**** Supplied data ****

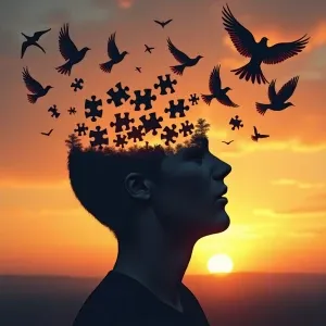 «Illustrate the concept of thoughts or memories escaping the mind...»
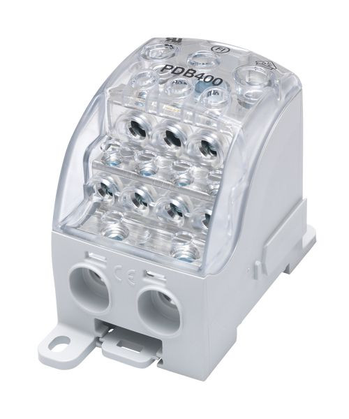 Phasenverteilerblock 400A, PDB400. Farbe grau/transparent. Anzahl Pole 1. Passend für CU Leiter
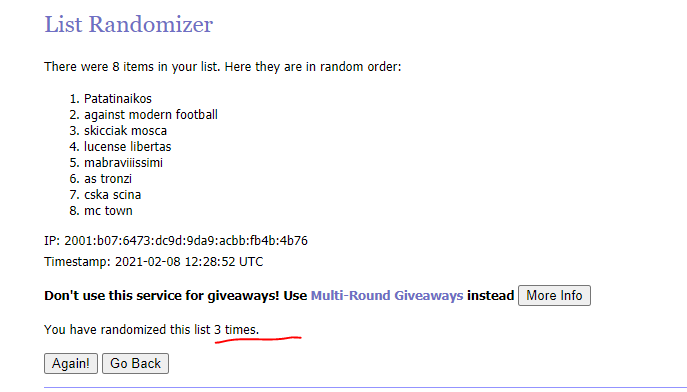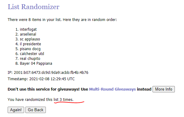 A seguito dell’estrazione su random.org del numero di volte indicato su whats app (3) ecco il risultato:
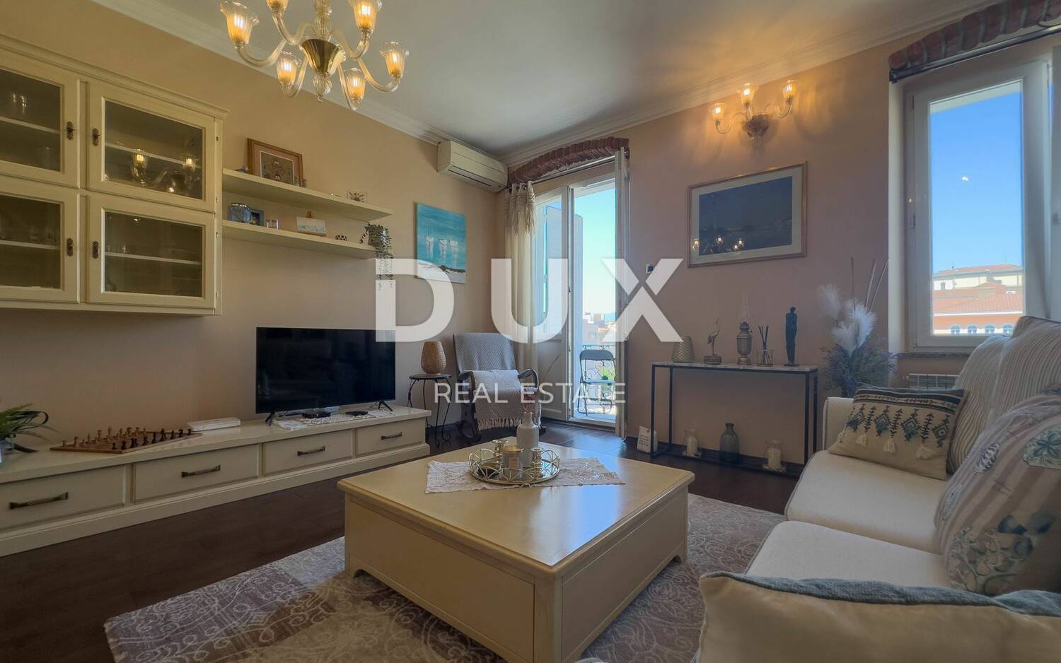 Iz dnevnog boravka se izlazi na balkon sa kojeg se pruža pogled na Učku i riječke krovove.
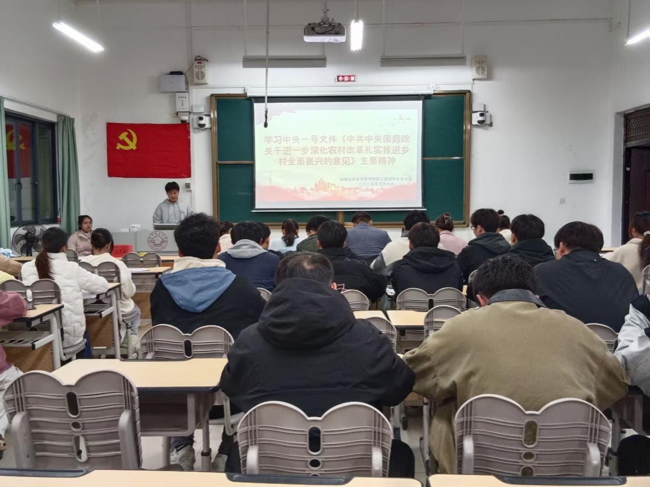 为深入学习领会习近平总书记关于“三农”工作的重要论述和重要指示精神,积极响应国家战略号召,助力乡村振兴,betway必威西汉姆联官网环工专业学生党支部于2025年3月9日晚在武鸣校区1号教学楼118教室召开专题会议,深入学习2025年中央一号文件《中共中央国务院关于进一步深化农村改革扎实推进乡村全面振兴的意见》。支部书记曲炳鹏及全体党员参会学习。
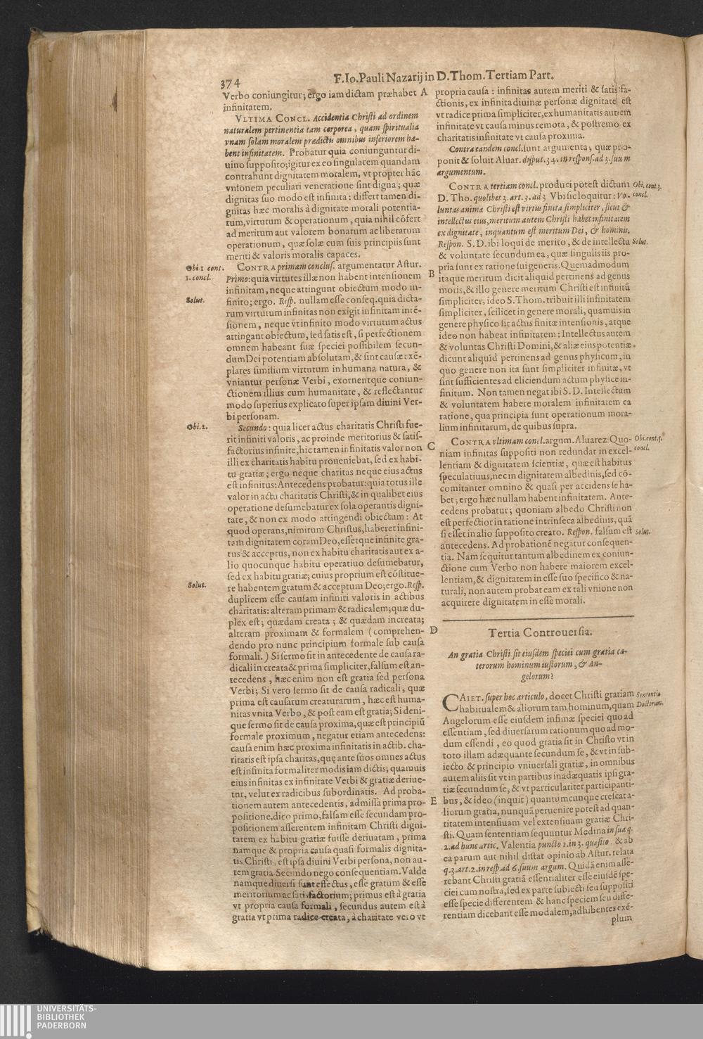 4 (1621) Commentaria et disputationes scholastica in Summam D. Thomae Aquinatis / auctore Joanne Paulo Nazario. Tomvs Qvartvs / Jn Qvo Controversiæ Jnter Theologos Veteres Ac Recentiores De Incarnationis Christi Mysterio

****

* Aim of the exercise
Every line from the one containing "Phasenverteilerblock 400A, PDB400." through the last line of the data is to be retyped exactly, with nothing added and no pictures included.

* Task result
 Phasenverteilerblock 400A, PDB400. Farbe grau/transparent. Anzahl Pole 1. Passend für CU Leiter
 A seguito dell’estrazione su random.org del numero di volte indicato su whats app (3) ecco il risultato:
 Iz dnevnog boravka se izlazi na balkon sa kojeg se pruža pogled na Učku i riječke krovove.
 为深入学习领会习近平总书记关于“三农”工作的重要论述和重要指示精神,积极响应国家战略号召,助力乡村振兴,betway必威西汉姆联官网环工专业学生党支部于2025年3月9日晚在武鸣校区1号教学楼118教室召开专题会议,深入学习2025年中央一号文件《中共中央国务院关于进一步深化农村改革扎实推进乡村全面振兴的意见》。支部书记曲炳鹏及全体党员参会学习。
 4 (1621) Commentaria et disputationes scholastica in Summam D. Thomae Aquinatis / auctore Joanne Paulo Nazario. Tomvs Qvartvs / Jn Qvo Controversiæ Jnter Theologos Veteres Ac Recentiores De Incarnationis Christi Mysterio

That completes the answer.